The job is to output exactly the lines that run from the start of the entries through the line containing "根據媒體《東森新聞》、《ET", pictures omitted.
== == ==
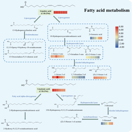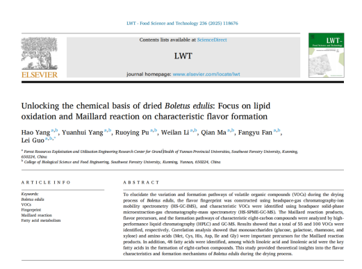 2025年11月,yl1111永利集团(食用菌现代产业公司)郭磊博士课题组在SCI I区top期刊《LWT - Food Science and Technology》上发表了一篇题为 “Unlocking the chemical basis of dried Boletus edulis: Focus on lipid oxidation and Maillard reaction on characteristic flavor formation” 的文章,探究了美味牛肝菌在采后干燥阶段中挥发性风味物质的动态变化及挥发性有机物、氨基酸和单糖之间的相关性。通过美味牛肝菌中的脂肪酸代谢物及其与关键挥发性有机物的相关性,初步研究了脂肪酸的代谢途径。这些发现为美味牛肝菌采后干制过程中风味形成机制提供了重要的理论见解,也为食用菌加工中的风味质量控制提供了参考。
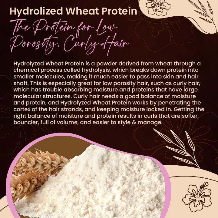 Hydrolyzed Wheat Protein: Like silk protein, hydrolyzed wheat protein’s permeability is excellent for low porosity hair. Its ability to lock in moisture is unprecedented, allowing it to quickly hydrate curls.
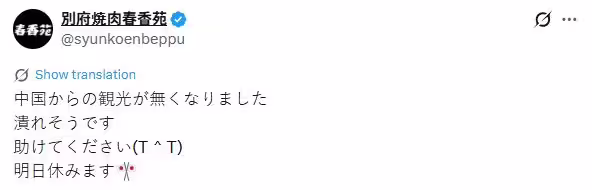 根據媒體《東森新聞》、《ETtoday新聞雲》的報導,日本大分縣別府市經營54年的「別府燒肉春香苑」近日在社群平台X上發文求助,「中國觀光客消失了,快撐不下去了,誰來幫幫我啊!明天我們店休一天!」
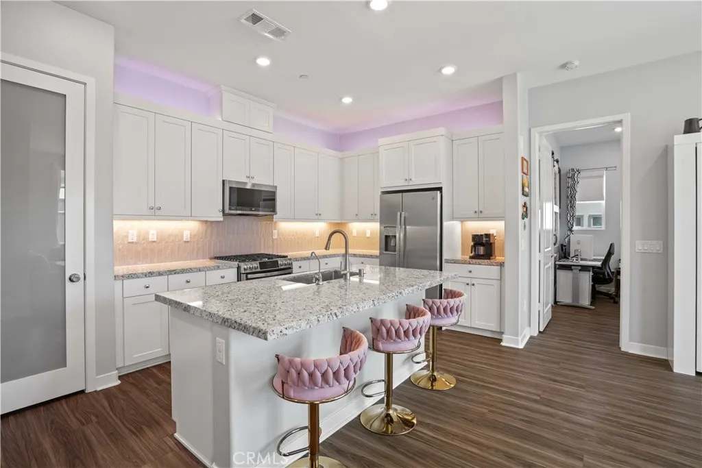 **This Property Qualifies for a Homebuyer Assistance Program of $10,000, which can be used towards closing cost OR a ZERO Down Payment with NO PMI!** Welcome to this FHA APPROVED condo, nestled in the highly sought-after Valencia Five Points Community! Back on the market at no fault to the seller, Buyer could not qualify. Designed with both style and comfort in mind, this pristine home is your perfect retreat. Upon entering, you'll be welcomed by a beautifully open floor plan featuring a spacious living room, a pristine kitchen, and an inviting dining area! With all NEWER appliances included: Washer, Dryer, Refrigerator, Dishwasher, and Microwave -- This home is truly move-in ready! While extras include recessed lighting, in-unit laundry, both bedroom closets feature beautifully made custom cabinetry, an additional storage closet just steps away from your front door, leased solar panels, and a tankless water heater for energy efficiency. This home is also equipped with its own EV charger in the spacious tandem 2 car garage. Most importantly, this condo has been exceptionally maintained and cared for! Youll also enjoy resort-style HOA amenities including: 3 unique swimming pools, Outdoor fire pit with ample seating, Community Center and Garden, Picnic areas, scenic walking trails, dog stations and so much more! Located just minutes from award-winning schools, golf courses, Westfield Mall, Six Flags Magic Mountain, and with easy freeway access. Dont miss out on this opportunityschedule your private showing today!
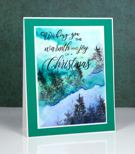 You will probably recognise another favourite tree stamp of mine in the background of this scene, it’s the little tree from the ‘Prancers’ set. I created a video to show you how I made this scene which features some watercolour effects along side some pigment ink stamping. I chose to pair pigment inks, which are waterproof, with watercolour painting so I could have pretty blends in the sky and snow but sharp tree images in the foreground and background.
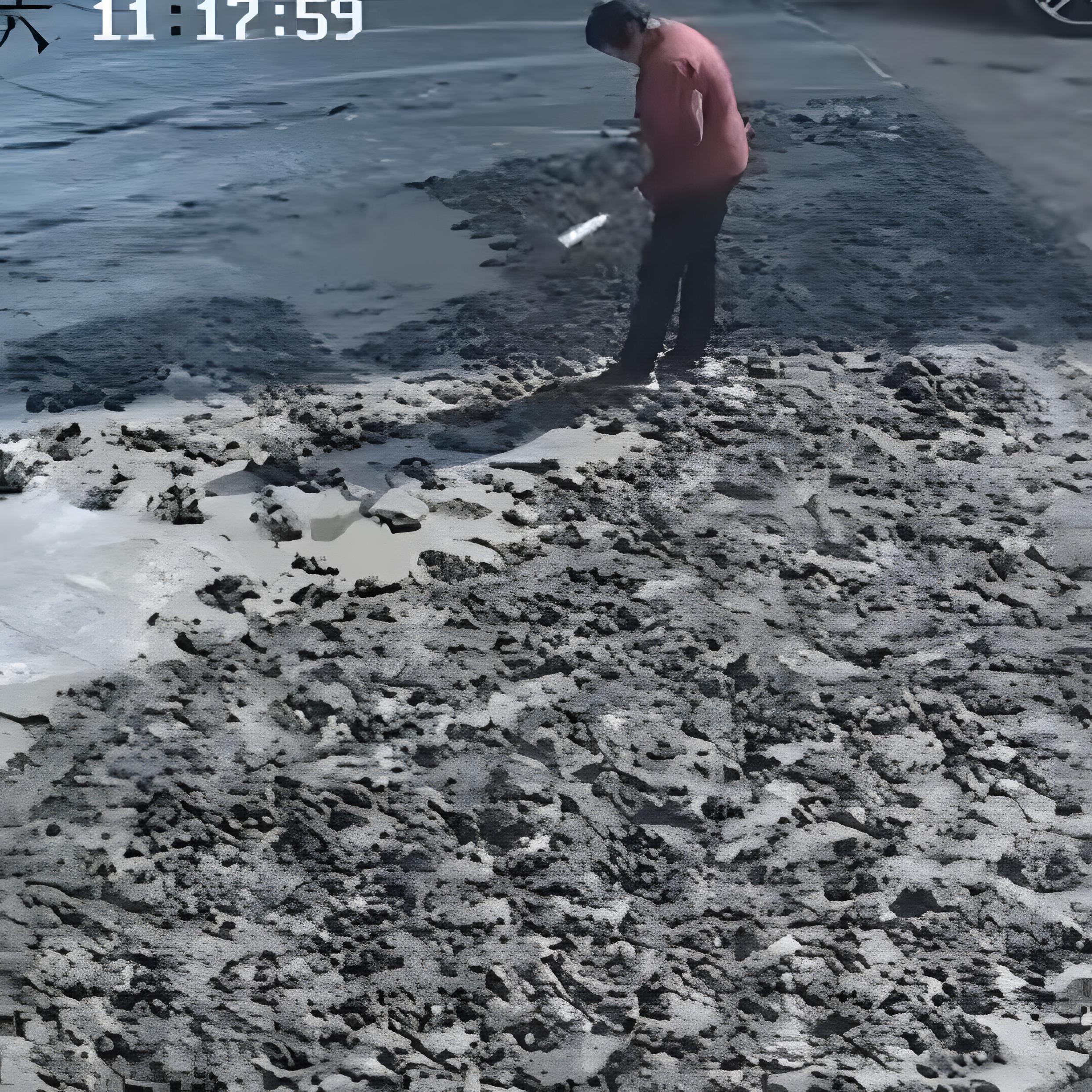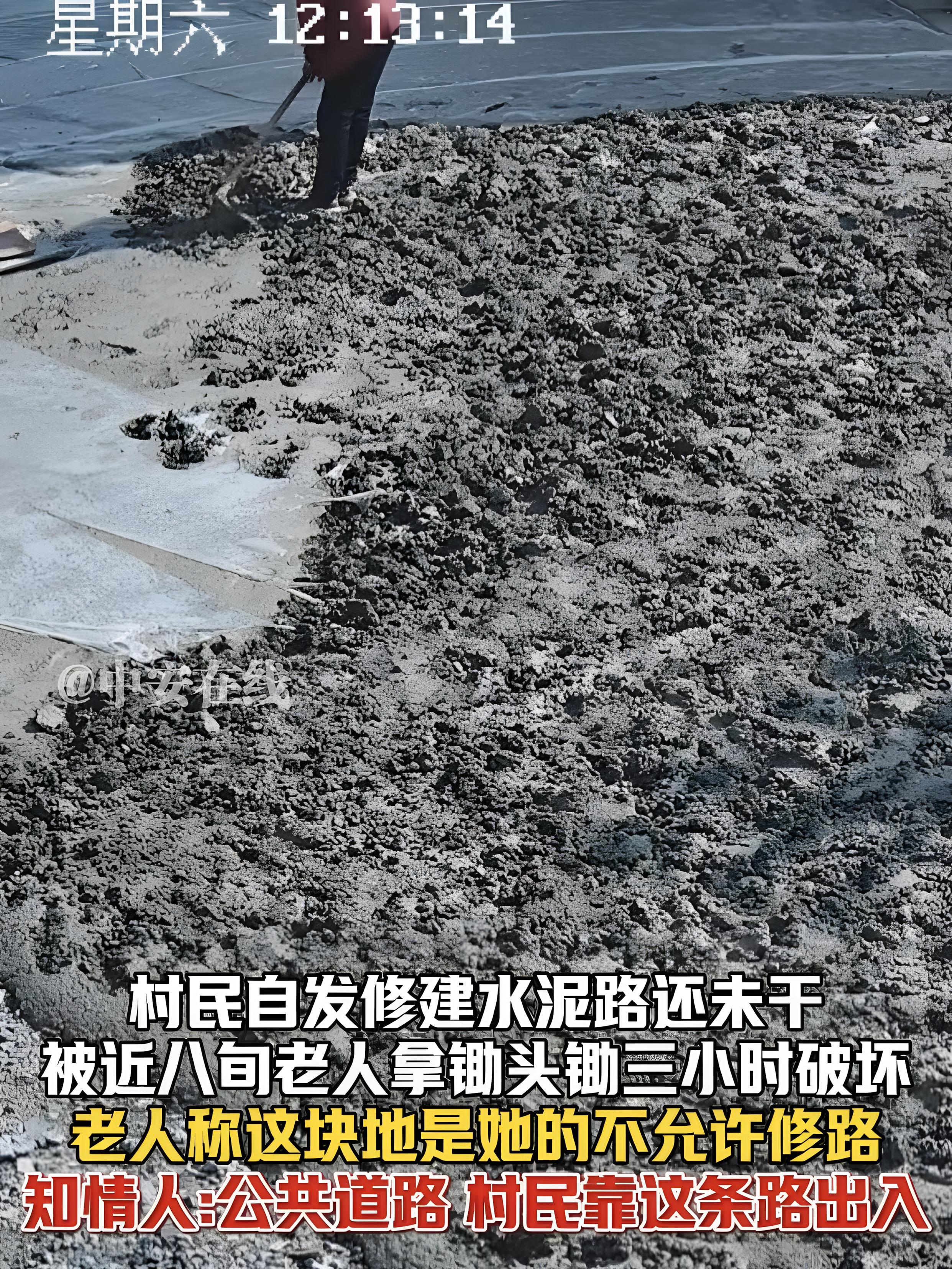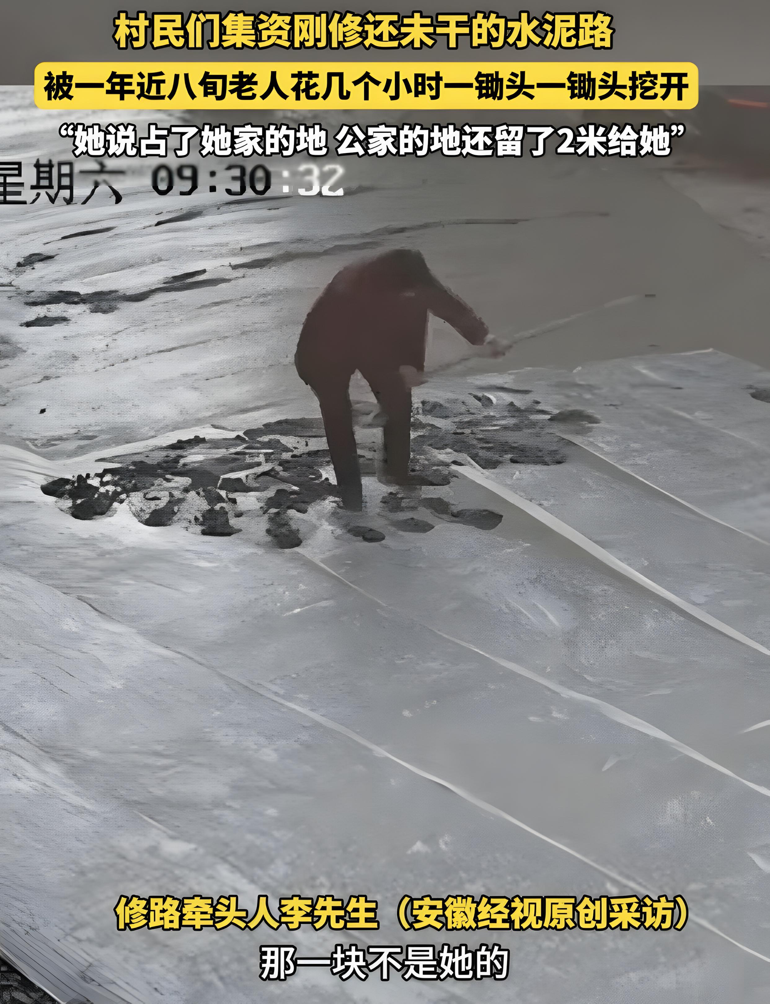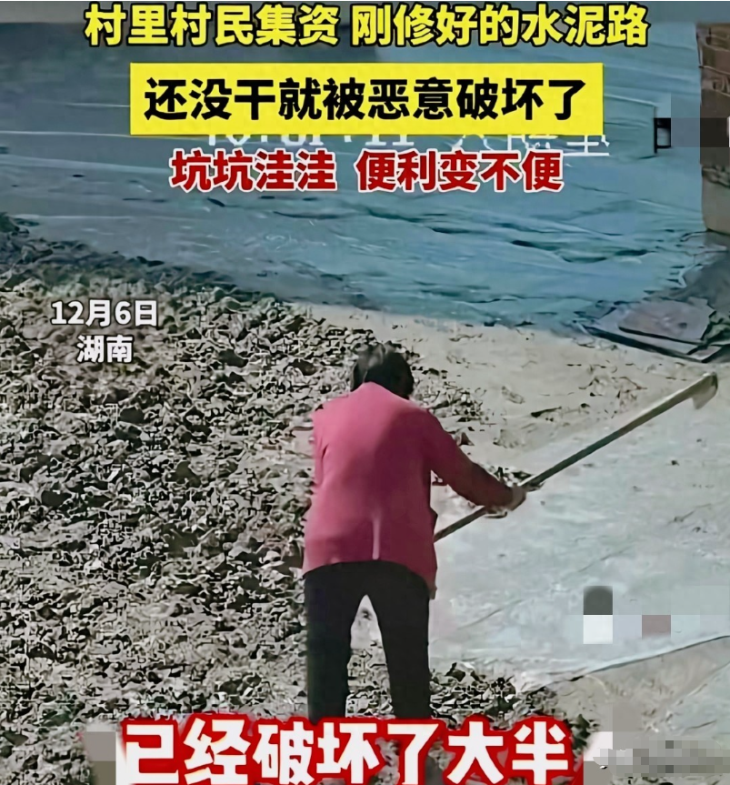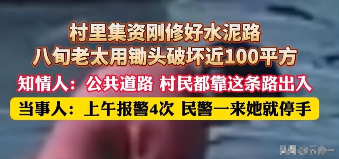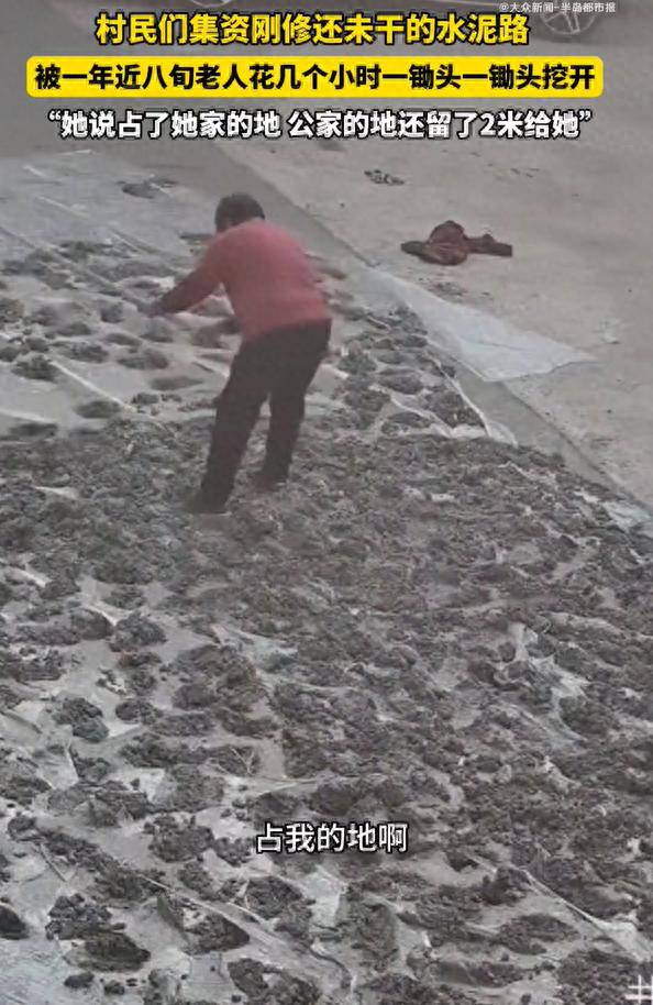 从早上七点到中午十一点,四个钟头里,老人就蹲在路边,像侍弄庄稼似的“打理”新路。她先用锄头尖刨开水泥表层,再用锄头把捣碎,没一会儿就挖出个碗大的坑。路过的村民劝她“歇歇”,她头也不抬地说“我自家的地,想咋弄咋弄”;村妇送热水给她,她直接挥手打翻。监控画面里,老人单薄的身影在太阳下晃着,那股子执拗劲让人又气又心疼。老人顶着烈日连凿四小时,任谁劝说都不回头,新路被挖得坑洼如蜂窝。
== == ==
### Output for this task
 2025年11月,yl1111永利集团(食用菌现代产业公司)郭磊博士课题组在SCI I区top期刊《LWT - Food Science and Technology》上发表了一篇题为 “Unlocking the chemical basis of dried Boletus edulis: Focus on lipid oxidation and Maillard reaction on characteristic flavor formation” 的文章,探究了美味牛肝菌在采后干燥阶段中挥发性风味物质的动态变化及挥发性有机物、氨基酸和单糖之间的相关性。通过美味牛肝菌中的脂肪酸代谢物及其与关键挥发性有机物的相关性,初步研究了脂肪酸的代谢途径。这些发现为美味牛肝菌采后干制过程中风味形成机制提供了重要的理论见解,也为食用菌加工中的风味质量控制提供了参考。
 Hydrolyzed Wheat Protein: Like silk protein, hydrolyzed wheat protein’s permeability is excellent for low porosity hair. Its ability to lock in moisture is unprecedented, allowing it to quickly hydrate curls.
 根據媒體《東森新聞》、《ETtoday新聞雲》的報導,日本大分縣別府市經營54年的「別府燒肉春香苑」近日在社群平台X上發文求助,「中國觀光客消失了,快撐不下去了,誰來幫幫我啊!明天我們店休一天!」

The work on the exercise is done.